- Born: c.1885 Stuttgart
- Died: 25 May 1948 New York City
- Other name: Barbara Baker

= Barbara Retz =

Early member of The Church of Jesus Christ of Latter-day Saints in Dublin

Barbara Retz (c.1885 – 25 May 1948), was an early member of the Church of Jesus Christ of Latter-day Saints in Dublin as well as one of the women arrested in the Easter Rising in Dublin 1916. She was also arrested by the Nazis.

==Life and family==

Born about 1885 in Stuttgart as Barbara "Babette" Böger, daughter of forester John Böger. Her family moved to Dublin where the family changed their name to Baker. They were Lutheran with an interest in the Latter-day Saint movement. They were baptised into The Church of Jesus Christ of Latter-day Saints by missionaries sent from England and established a local branch. She married fellow German George Retz in 1904 with whom she had 2 children. Retz and her husband did not become British citizens when her brothers got theirs in 1908. As a result, at the start of World War I in 1914 George Retz was interned in the Isle of Man until 1919. Retz ran butcher shops, one on the South Circular Road and one in Rathmines. There had been an incident at one of the properties where a mob attacked the shop at the start of the war.
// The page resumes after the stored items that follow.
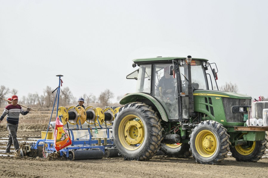 A seeding machine equipped with the Beidou Navigation Satellite System is at work in a cotton field in Yuli County, northwest China's Xinjiang Uygur Autonomous Region, March 30, 2023. (Xinhua/Wang Fei)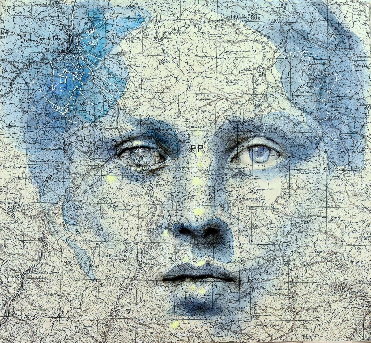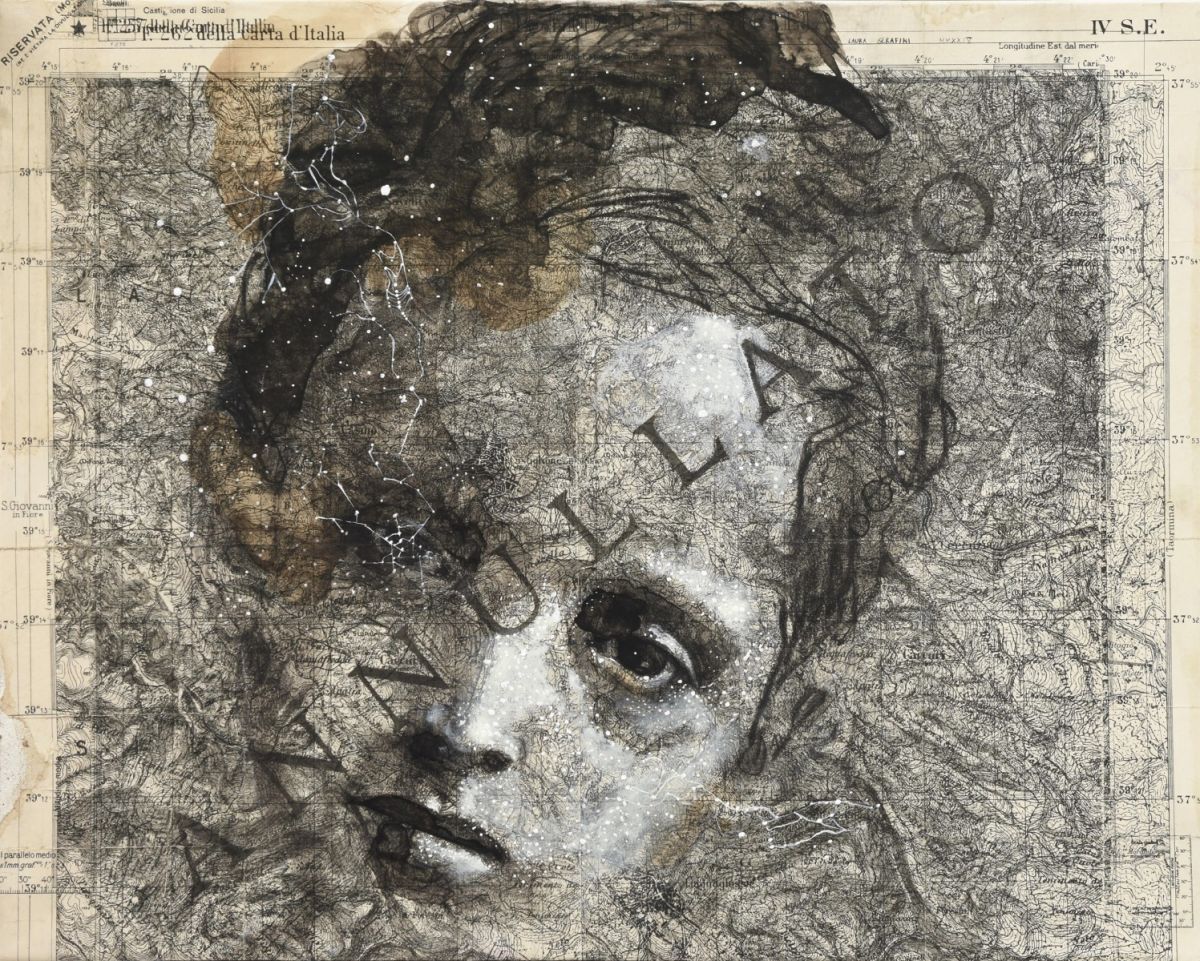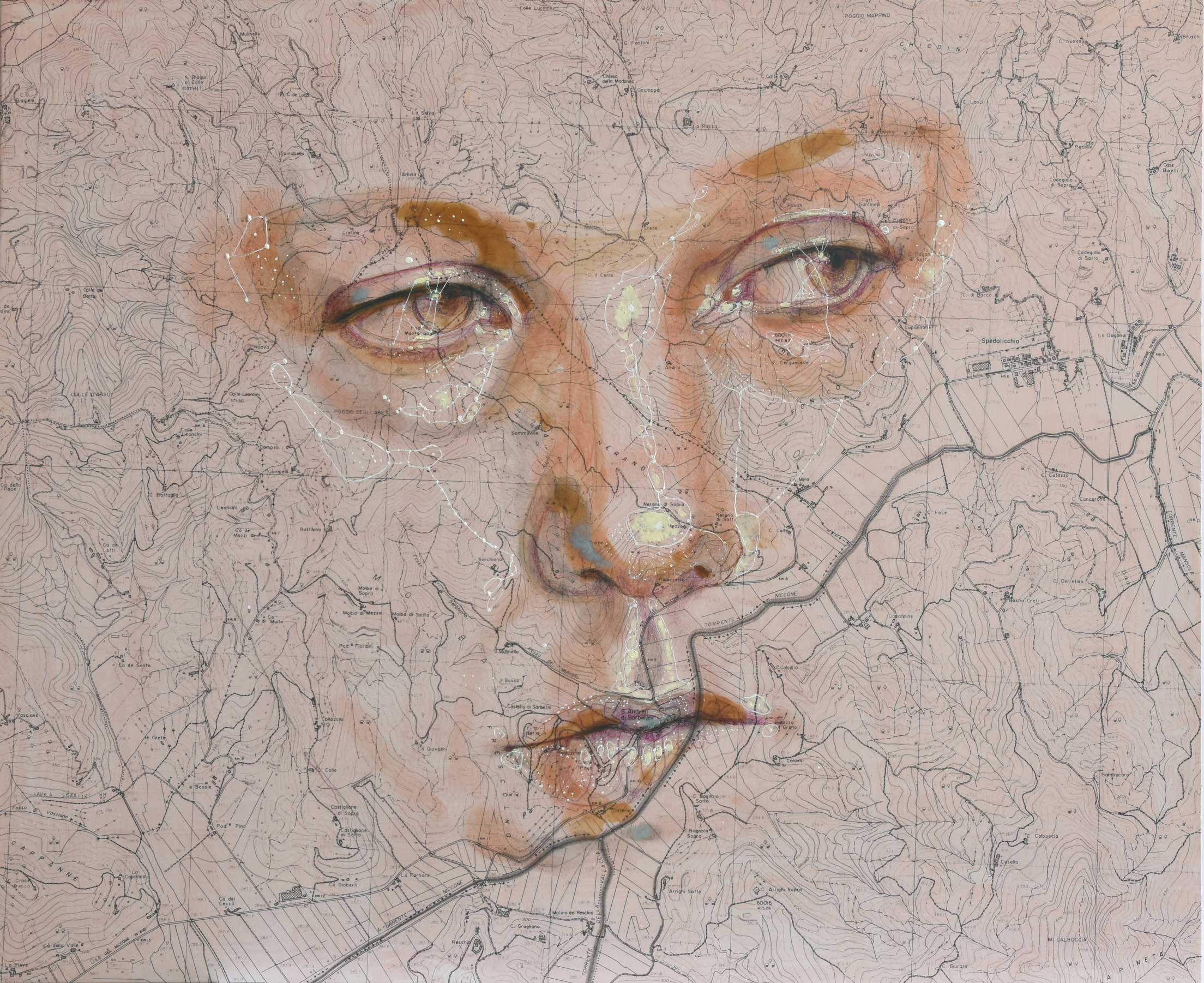 Uno stile figurativo in costante evoluzione mi ha portato ad utilizzare come supporto autentiche vecchie mappe e carte tecniche , elevandole al ruolo di trama/destino, quasi un DNA tracciato sulla pelle e reso visibile con linee, numeri, parole e punti. Attraverso un disegno puro, monocromatico, fatto di dettagli, ombre e spazi vuoti, la rielaborazione delle carte tecniche in senso antropologico diventa il mio modo di rendere quegli oggetti fondati su astrazioni, rappresentazioni visive della nostra identità.
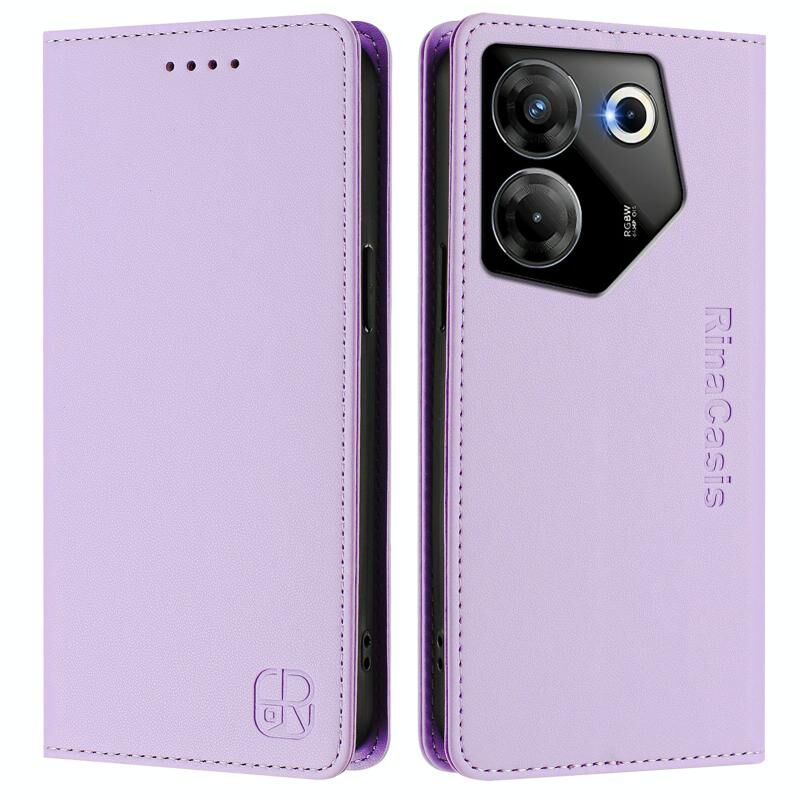 For Tecno Camon 20 Pro 5G RC01 Dual-Folded Magnetic Suction RFID Leather Phone Case(Light Purple)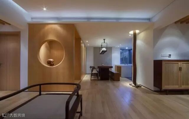 本案的主题突显寂静空灵的日式禅意空间,它让人感受到了一次美的洗礼-空明、澄净、洗心。传承了日本室内设计深谙禅宗之理,将禅宗的简素与自然,孤傲与幽玄,脱俗与寂静的美学特性表现出来,宛如一首凝练的诗,简素之美的物体,用木料、石头、竹子、素面的油漆、空洞的实木花格,原木的素色和原木的清晰纹理等大量天然之材,透射出朴素,内敛的气息,使得整个空间展现出一种禅宗的空灵意境。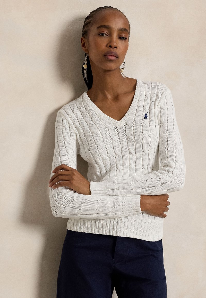 CABLE-KNIT COTTON V-NECK SWEATER - Džemperis - white

The shops get a mention by James Joyce in Ulysses.

==Activism==
There are few references to how Retz was connected to the Easter Rising but she may have been friends with Padraig Pearse. She was arrested and imprisoned with the other women in Richmond Barracks in 1916 and released at the same time on 8 May. She remained involved during the Irish War of Independence by arranging safe houses and medical treatment for the people on the run.

Retz returned to Germany occasionally and in 1938 she was arrested for her part in an anti-Nazi rally in Berlin. Thanks to the intervention of the British embassy she was released after 14 days.

She died in New York during May 1948 on her way to visit those family members who had emigrated to the United States. She is buried with family in California.